Isobutane, also known as i-butane, 2-methylpropane or methylpropane, is a chemical compound with molecular formula HC(CH3)3. It is an isomer of butane. Isobutane is a colourless, odourless gas.
It is the simplest alkane with a tertiary carbon atom. Isobutane is used as a precursor molecule in the petrochemical industry, for example in the synthesis of isooctane.

Production
Isobutane is obtained by isomerization of butane.

Uses
Isobutane is the principal feedstock in alkylation units of refineries. Using isobutane, gasoline-grade "blendstocks" are generated with high branching for good combustion characteristics. Typical products created with isobutane are 2,4-dimethylpentane and especially 2,2,4-trimethylpentane.

Solvent
In the Chevron Phillips slurry process for making high-density polyethylene, isobutane is used as a diluent. As the slurried polyethylene is removed, isobutane is "flashed" off, and condensed, and recycled back into the loop reactor for this purpose.

Precursor to tert-butyl hydroperoxide
Isobutane is oxidized to tert-butyl hydroperoxide, which is subsequently reacted with propylene to yield propylene oxide. The tert-butanol that results as a by-product is typically used to make gasoline additives such as methyl tert-butyl ether (MTBE).

Miscellaneous uses
Isobutane is also used as a propellant for aerosol spray cans.

Isobutane is used as part of blended fuels, especially common in fuel canisters used for camping.

Refrigerant
Isobutane is used as a refrigerant.
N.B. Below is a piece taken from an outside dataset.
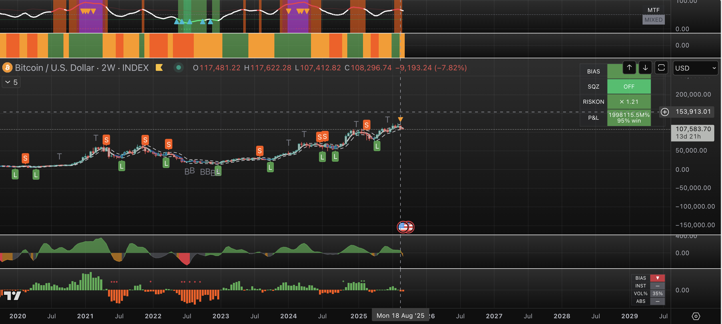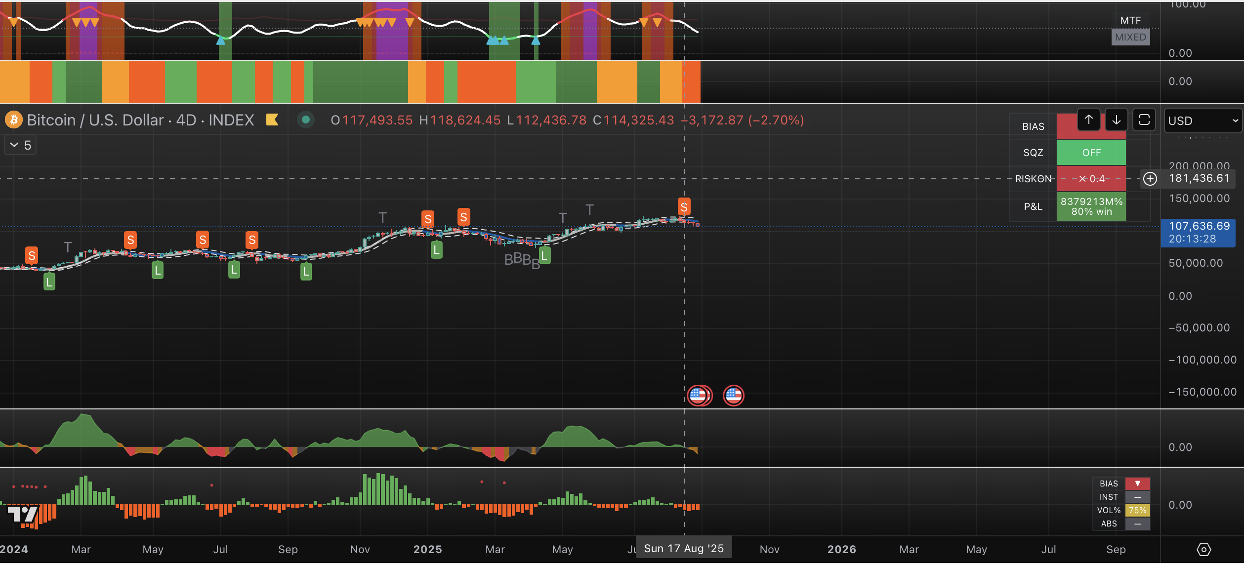 - BTC: The Consolidation Phase: The 4D sell signal on August 18th materialized successfully, calling the pullback from the $117k-$123k peaks. Our primary thesis (a 70% probability) is that the current $108k level marks a local bottom, representing the 80-day cycle low and initiating a 4-6 week consolidation. The probability of an absolute cycle top remains a tail-risk at ~30%, requiring confirmation from cascading sell signals on higher timeframes (1W/2W).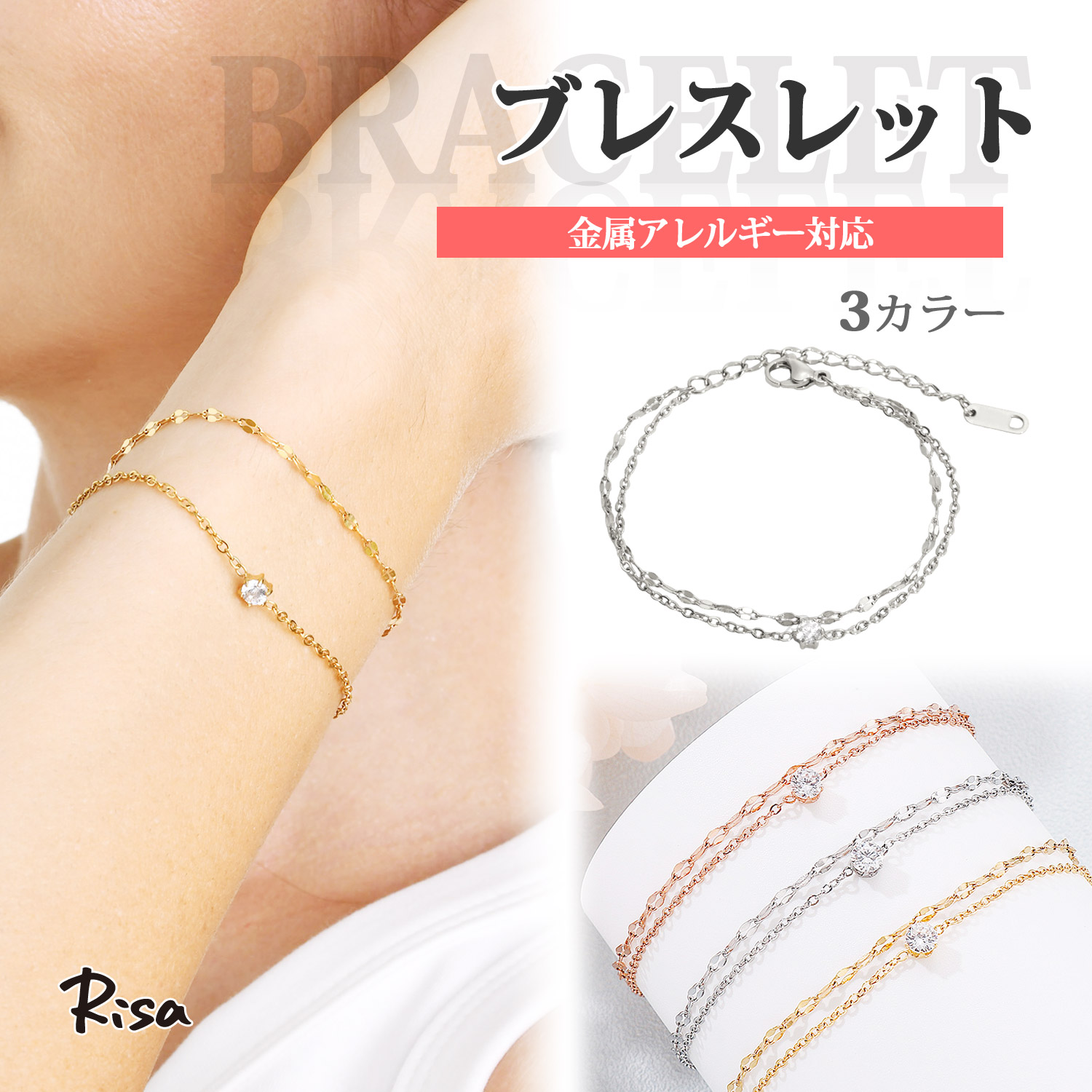 ブレスレット チェーン 金属アレルギー対応 サージカルステンレス 2連 一粒ジュエル ストーン エクレア ペタル レディース 華奢 大人

Use in refrigerators started in 1993 when Greenpeace presented the Greenfreeze project with the former East German company . In this regard, blends of pure, dry "isobutane" (R-600a) (that is, isobutane mixtures) have negligible ozone depletion potential and very low global warming potential (having a value of 3.3 times the GWP of carbon dioxide) and can serve as a functional replacement for R-12, R-22 (both of these being commonly known by the trademark Freon), R-134a, and other chlorofluorocarbon or hydrofluorocarbon refrigerants in conventional stationary refrigeration and air conditioning systems.

As a refrigerant, isobutane poses a fire and explosion risk in addition to the hazards associated with non-flammable CFC refrigerants. Substitution of this refrigerant for motor vehicle air conditioning systems not originally designed for isobutane is widely prohibited or discouraged.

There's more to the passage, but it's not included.